Introduction to the Waltz

The introduction of the Waltz was the scandal of 19th century English society. Never before had a man and woman danced publicly in a virtual embrace. Fortunately the grace and beauty of the Waltz were noticed, and English society, so quick to denounce the dance, eventually “embraced” it. In fact, Queen Victoria was an exquisite ballroom dancer who developed a passion for the Waltz. Johann Strauss can be credited with the persistence of the Waltz in mainstream ballroom dancing with his fast paced Waltz compositions that paved the way for the quicker Viennese style.

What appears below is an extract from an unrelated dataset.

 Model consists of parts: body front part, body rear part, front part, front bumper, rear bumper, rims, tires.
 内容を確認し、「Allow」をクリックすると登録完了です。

In America the Waltz tempo slowed to form a more smooth and graceful gliding dance with a gentle “rise and fall” motion. Today the Waltz persists as the oldest of ballroom dances and perhaps the best loved.

(Click here to look up a word in our glossary.)

Music

The Waltz is unique in that it is the only ballroom dance written in 3/4 time. There are three beats to each measure, counted as “1-2-3” or “quick-quick-quick.” Typically, there are three steps of equal duration per measure, with the Hesitation being the exception. The lead foot alternates with each measure (ie, Left-2-3-Right-2-3). Because of this, Waltz combinations are usually written in a series of six steps. For example, the man will begin the first pattern as LRL (left-right-left) and the second as RLR (right-left-right), for a total of six steps.